Knee Arthroscopy

Post-operative Period

0 to 3 weeks:

  1. 1 to 2 visits per week, 5 times a week home program

  2. Prone lying, supine with logroll under heel, and gentle stretching to achieve full hyper-extension

  3. Quad sets, may use electrical stimulation, increase # visit/week if quad inhibited

  4. Patellar mobilizations, especially superiorly

  5. Straight leg raises, full arc quads without weights

  6. Prone knee flexion, heel slides, calf and hamstring stretching

  7. Icing program, 3 to 5 times a day, 30 minutes each after exercises

  8. Crutches may be stopped within 1 week as long as the patient has full extension, can perform a straight leg raise without an extension lag, and ambulates without a limp. Patients may be weaned to one crutch (opposite arm, after 3 weeks) in order to normalize gait (no limp) and as long as full extension and no extension lag with straight leg raises are obtained.

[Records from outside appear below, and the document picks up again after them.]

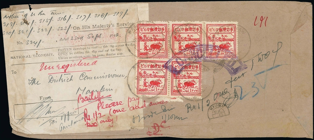 1942 (23 Feb.) re-used OHMS envelope, originally bearing 1a. which has been removed, to Maubin bearing, on reverse, OHMS label and bearing a strip of three and a pair cancelled by Pantanaw c.d.s and overstruck by large curved
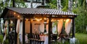 Уютная беседка в аутентичном баварском стиле — идеальная камерная локация для банкетов на природе до двадцати гостей, где можно насладиться уединенной атмосферой и живописными видами.
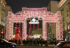 (250128) -- MOSCU, 28 enero, 2025 (Xinhua) -- Personas se reúnen bajo una decoración en celebración del Año Nuevo chino, en el centro de Moscú, Rusia, el 28 de enero de 2025. (Xinhua/Bai Xueqi) (oa) (ah) (vf)
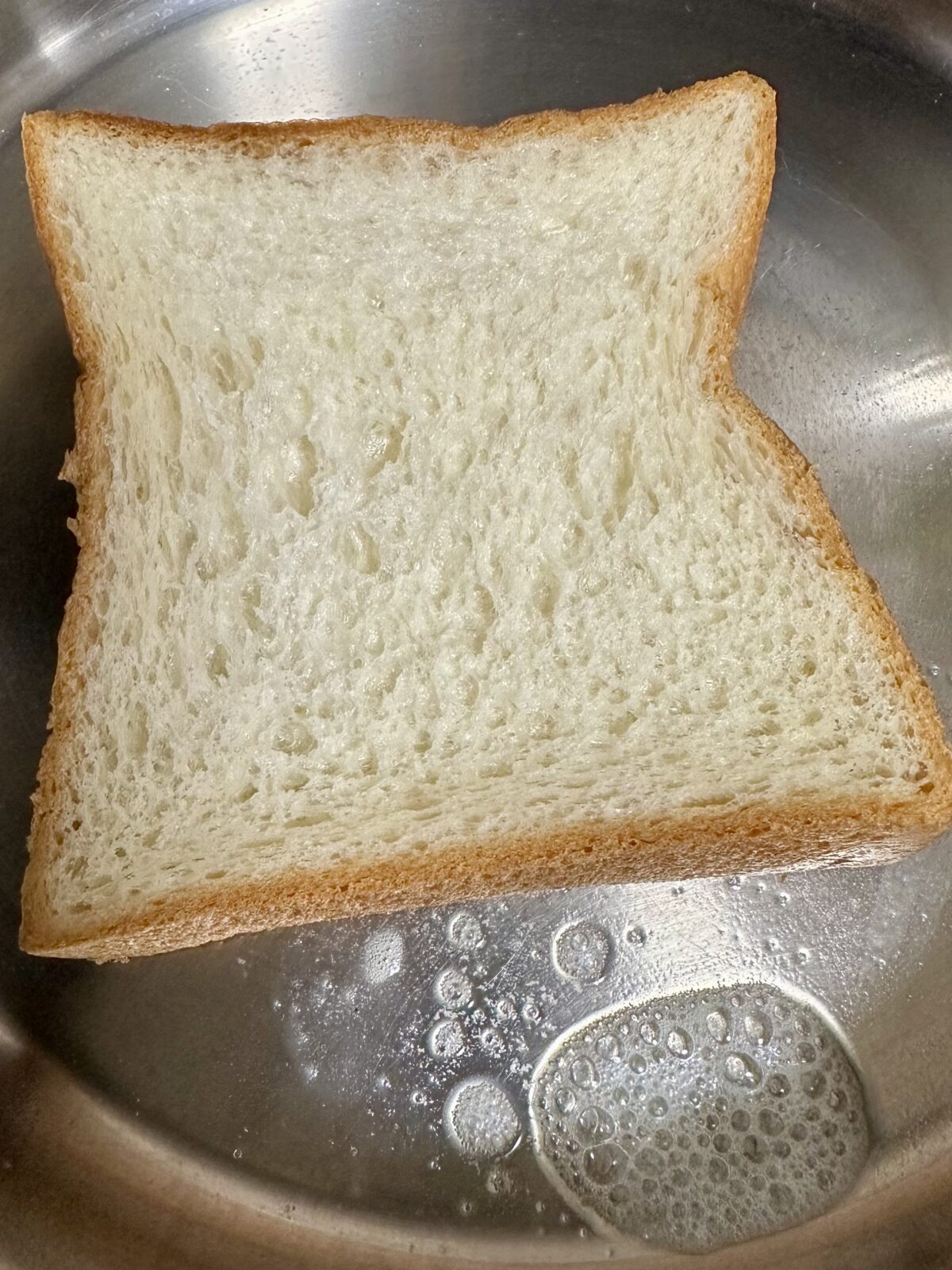 フライパンにバターを落として、やや厚めにスライスしたパンを入れます

  9. Begin quad exercises including mini-squats, wall slide mini-squats, partial arc quads (60 to 90 degrees), and hamstring curls with light weights when range of motion is full

  10. Toe raises with weights, step-ups (begin with 2 inches and progress to a full step)

  11. Crutches should be weaned off in this stage, and gait should be normal – if not, contact Dr. Berkbigler

3 to 6 weeks:

  1. 1 to 2 visits per week, 5 times a week home program

  2. Continue all exercises in previous phase (as described above)

  3. Focus rehabilitation towards more closed-chain exercises including leg presses, step-ups, mini-squats, leg extensions, and hamstring curls with light weights, high repetitions. Repetitions should be smooth and slow and NOT explosive. May begin jump rope exercises. May advance to swimming.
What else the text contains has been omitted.